That means the US government will pay you $50,000 a year.
Ok fair enough Potus has talked the long term rates down a bit and the yield is now 4.88%.
But even $48800 a year should be enough in retirement to live on.
So for buy-and-holders, that don’t re-invest the interest income, 4.88% is the yield you make.
Short-term rates in the US are still attractive as well at over 4% yields.
The same can be said for UK short-term rates.
Valuations matter also in bond land.
The direction of travel is rate cuts for the official central bank short term rates.
There is a record amount of money parked in short-term money market funds.
If US rates get cut to say Canadian levels of 2.75% money markets become a lot less interesting.
The ECB just cut rates to only 2%. So I am not interested in their bonds. The ECB is playing the financial repression game playbook again.
In my humble opinion central banks should keep the official short term central bank rate at least 1% above the inflation rate.
But governments pay so much money in interest now they can’t afford reasonable short term rates anymore.
They borrow mainly short term now as with a normal steep yield curve long term rates will be higher and there are only a few countries left that can afford to pay longer term and higher interest payments year-in-year-out.
Also the more long term debt they would try to issue the more the lack of demand would become a problem and the more long term interest rates would be pushed up.
Quantitative easing (QE) allowed central banks to manipulate long term interest rates lower. That game is up after the inflation wave QE unleashed last time around...

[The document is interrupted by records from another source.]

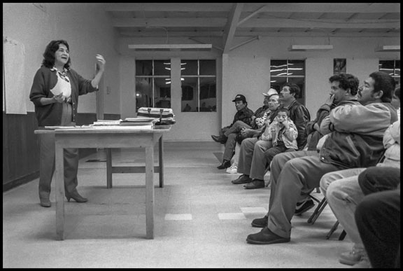 DELANO, CA - 1995 - Dolores Huerta, vice-president and one of the founders of the United Farm Workers, talks with group of workers from one of the world's largest rose growers. The workers had voted for the union, and Huerta, who was negotiating the first labor contract, was reporting to the workers about the bargaining.
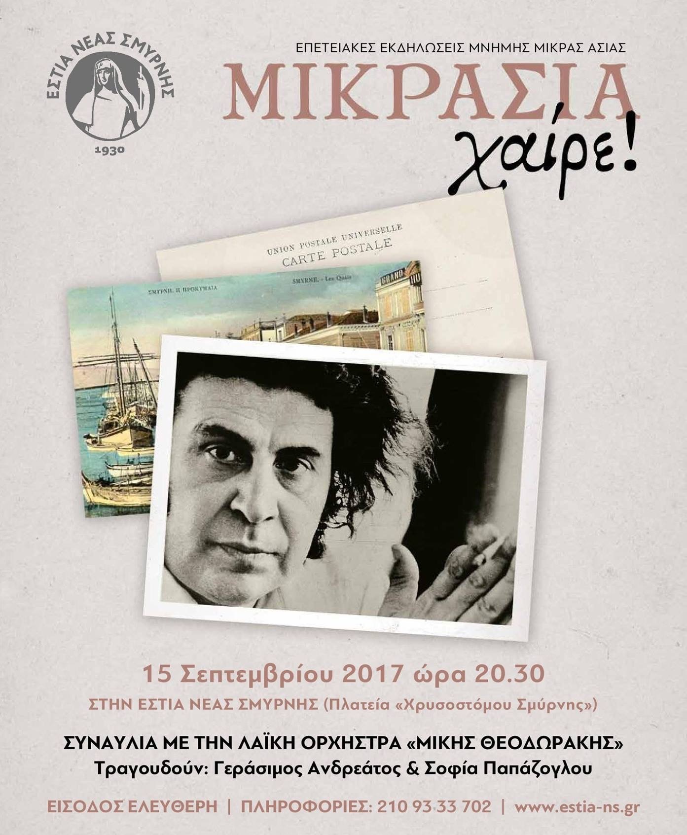 Με τη συναυλία, θα τιμηθεί ο μικρασιατικής καταγωγής Μίκης Θεοδωράκης, που στις 29 Ιουλίου συμπλήρωσε τα 92 χρόνια του – γεννήθηκε το 1925 στη Χίο. Με τη μητέρα του να έχει γεννηθεί στον Τσεσμέ -την πάλαι ποτέ Κρήνη- και τους γονείς της συζύγου του στη Σμύρνη, η περιοχή της Νέας Σμύρνης στην Αθήνα αποτέλεσε τον φυσικό προορισμό της οικογένειας και το σπίτι του Μίκη στη Νέα Σμύρνη έγινε ορμητήριο και καταφύγιο συνάμα για τον ίδιο και την οικογένειά του, κατά τα δύσκολα χρόνια ενδιάμεσα στην εξορία.
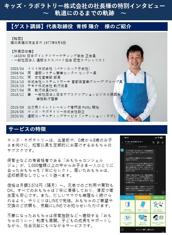 キッズ・ラボラトリー株式会社は、2019年5月17日に設立された「おもちゃのサブスク」サービスです。出産前のプレママから8歳までのお子さまを対象に、知育玩具を定期的にお届けしています。一般的なレンタルとは異なり、専任のおもちゃコンシェルジュが、お子さま一人ひとりに合わせて最適なおもちゃを選び、お届けするのが特長です。
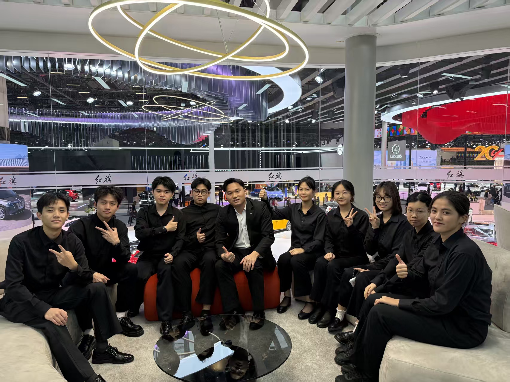 实习生巩雪儿同学感慨道:“本次车展见习我收获颇丰。从初期面对工作的生疏不适,到后期逐步熟练、游刃有余,这一成长离不开领队的悉心指导与小伙伴们的热心相助。此次经历更让我深刻认识到,会展并非表面所见那般简单,其成功背后是全体工作人员的协同发力——从展台搭建到后勤保障,每个环节均环环相扣、至关重要。这次见习不仅让我对会展行业的实际运作建立了直观认知,更深化了对会展策划与管理专业的理解,也为未来的专业技术学习明确了方向。”实习生王泽敏同学则分享道:“在车展实习的日子,让我对“专业服务”有了全新认知。我从咖啡特调的配比练习,到熟记点单、出餐的完整流程;从按时摆放茶歇甜点,到时刻关注物料库存、及时补货,每一个细节都藏着服务的门道。当外国友人因语言不畅面露难色时,我主动上前耐心交流,帮他们选到合心意的饮品,当看到他们满意的笑容,我真正读懂了“以客户为中心”既是技能的精准,更是服务的温度。”
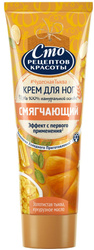 Уход за кожей любого типа заключается в своевременном увлажнении и питании. Сто Рецептов Красоты крем для ног Смягчающий с тыквой, 80 мл предназначен специально для сухой кожи стоп и пяточек.<br>Тыквенные масла в составе способствуют интенсивному питанию и увлажнению, бережно очищают эпидермис от ороговевших клеток. Крем для ног с уникальной формулой участвует в естественном синтезе коллагена, который так необходим для упругости и эластичности поверхности стоп. Масло, полученное из мякоти тыквы, успокаивает кожу, эффективно и бережно защищает её от раздражений и воспалений. Регулярный уход за кожей ног с использованием крема Сто Рецептов Красоты помогает предотвратить появление гематом и сосудистых звёздочек. Средство не вызывает аллергических реакций.<br>Крем смягчающий Сто Рецептов Красоты также содержит кукурузное масло, которое восстанавливает защитные функции кожи, интенсивно питает, смягчает и увлажняет поверхность стоп и пяточек. Компонент отвечает и за эффективное обогащение клеток полезными микроэлементами и витаминами, параллельно помогая устранить запах пота.<br>Крем быстро впитывается, не оставляя жирной плёнки. Результат виден уже после первого применения: мягкие пяточки и ухоженная кожа стоп! Используйте крем каждый день, и ваши ножки всегда будут нежными и красивыми!<br>Женская косметика Сто Рецептов Красоты имеет на 100% натуральную основу. Бренд использует уникальную технику холодного приготовления.<br>Состав: Aqua, Isopropyl Myristate, Glycerin, Glyceryl Stearate, PEG-12, Zea Mays (Corn) Oil (масло кукурузное), Cetearyl Alcohol, Dimethicone, Cyclopentasiloxane, Cucurbita Pepo Seed Oil (масло тыквенное), Acrylates/C10-30 Alkyl Acrylate Crosspolymer, Butyrospermum Parkii (Shea Butter), Disodium EDTA, Ethylparaben, Farnesol, Lanolin, Methylparaben, Palmitic Acid, Parfum, PEG-40 Hydrogenated Castor Oil, Phenoxyethanol, Potassium Cetyl Phosphate, Stearic Acid, Triethanolamine, Urea, Limonene, CI 14720, СI 19140.<br>Хранить при температуре от 0 до +25 °С.<br>Небольшое количество крема нанесите на чистую кожу ступней и слегка помассируйте. Применяйте по мере необходимости.
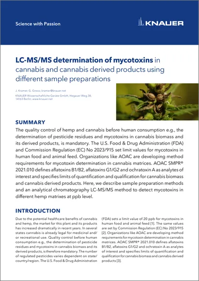 Due to the potential healthcare benefits of cannabis and hemp, the market for this plant and its products has increased dramatically in recent years. In several states cannabis is already legal for medicinal and/or recreational use. Quality control before human consumption e.g., the determination of pesticide residues and mycotoxins in cannabis biomass and its derived products, is therefore mandatory. The number of regulated pesticides varies dependent on state/country/region. The U.S. Food & Drug Administration (FDA) sets a limit value of 20 ppb for mycotoxins in human food and animal feed [1]. The same values are set by Commission Regulation (EC) No 2023/915 [2]. Organizations like AOAC are developing method requirements for mycotoxin determination in cannabis matrices. AOAC SMPR® 2021.010 defines aflatoxins B1/B2, aflatoxins G1/G2 and ochratoxin A as analytes of interest and specifies limits of quantification and qualification for cannabis biomass and cannabis derived products [3].

So yep the name is Bond, James Bond and of boy is he back in the picture or what?
One thing to keep in mind is that Trump has hidden a penalizing tax on passive income in his big and beautiful tax bill for “investors from unfriendly counties”.
So for UK investors it is possible that at some stage someone gets say emotional about say a digital tax on US tech firms and rather than 4.85% interest the US government only puts 3.88% on your bank account.
Currency risk is also real. The mighty $ has collapsed more than 8% versus the £ for example this year.
Just like with equities diversifying across multiple currencies is wise in bonds as well.
Annuities are opaque and have high fees.
If long term rates are high enough though some guaranteed income from annuities can be nice in order to sleep well at night in retirement.
Another feature is that when you die the money in annuities belongs to the counterparty.
The plus side is that in return you should get a higher yield.
So all in all long-term bonds have now become more competitive versus an asset allocation in equities.
Still not all is lost for equities.
Dividend aristocrats can provide stable and growing dividends year-in-year-out.
PepsiCo (PEP) for example has a dividend yield of 4.34% now.
PEP has increased its dividend for 50 years in a row now. The company achieved Dividend King status in 2022 according to the sure dividend website.
On a market level the forward P/E for the S&P 500 is now 21 or 22.
The back-of-an-envelope calculation gives return expectation of one divided by 22 of 4.55%.
So that 4.55% return expectation for the S&P 500 is pretty close to bond return expectation in the US.
If however you were to buy-and-hold the S&P 500 index now for 30 year I suspect the realized return would be closer to the 9% or 10% return from the past 30 years.
The old saying at Exxon was;
“Governments come and go”.
Long-term investing requires long-term thinking.
This is me thinking on buying some exposure to long-term bonds and throwing that into the investment mix.